- Opening Delimiter -
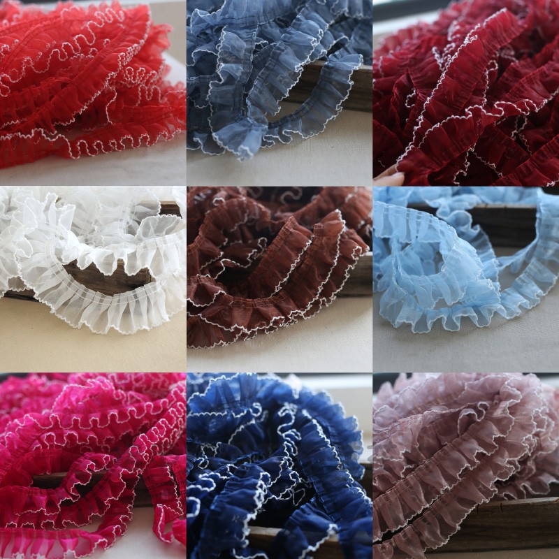 。 4 センチメートル幅オーガンザシャーリング犬歯エッジ立体レースホームファブリックロリータ靴と帽子衣類手作り DI
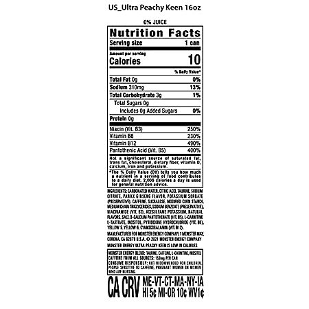 Model: Monster Energy Ultra Peachy Keen, Sugar Free Energy Drink, 16oz (Pack of 24)
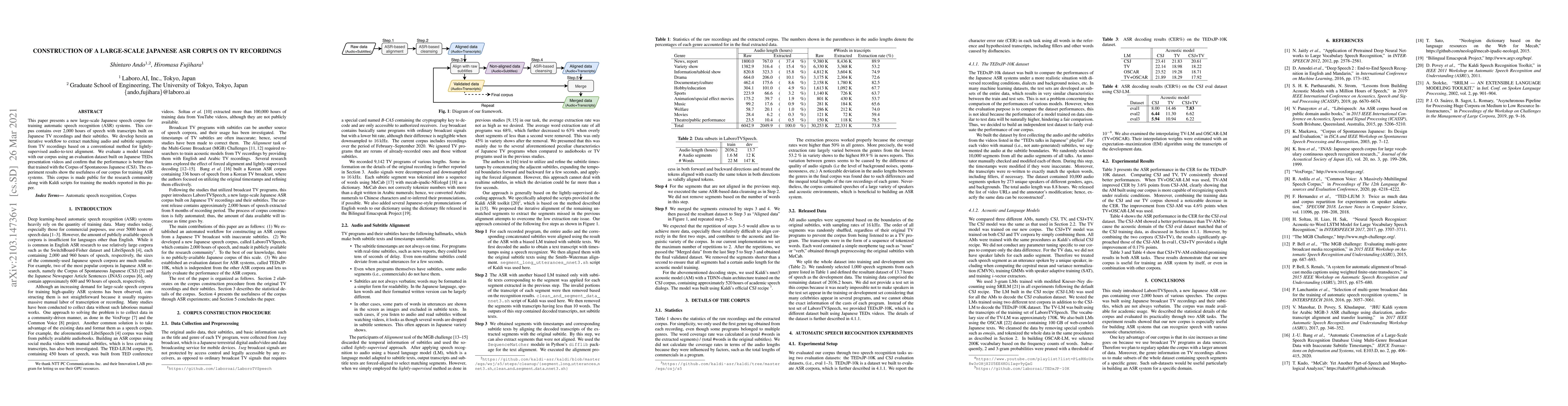 This paper constructs a large-scale Japanese ASR corpus from TV recordings, containing over 2,000 hours of speech and subtitles, and demonstrates its effectiveness by showing improved performance over the CSJ corpus in ASR model evaluations. The corpus and training scripts are made publicly available.
- Closing Delimiter -
Without the pictures, transcribe the listing exactly as it stands.

• _Solution to this task_
 。 4 センチメートル幅オーガンザシャーリング犬歯エッジ立体レースホームファブリックロリータ靴と帽子衣類手作り DI
 Model: Monster Energy Ultra Peachy Keen, Sugar Free Energy Drink, 16oz (Pack of 24)
 This paper constructs a large-scale Japanese ASR corpus from TV recordings, containing over 2,000 hours of speech and subtitles, and demonstrates its effectiveness by showing improved performance over the CSJ corpus in ASR model evaluations. The corpus and training scripts are made publicly available.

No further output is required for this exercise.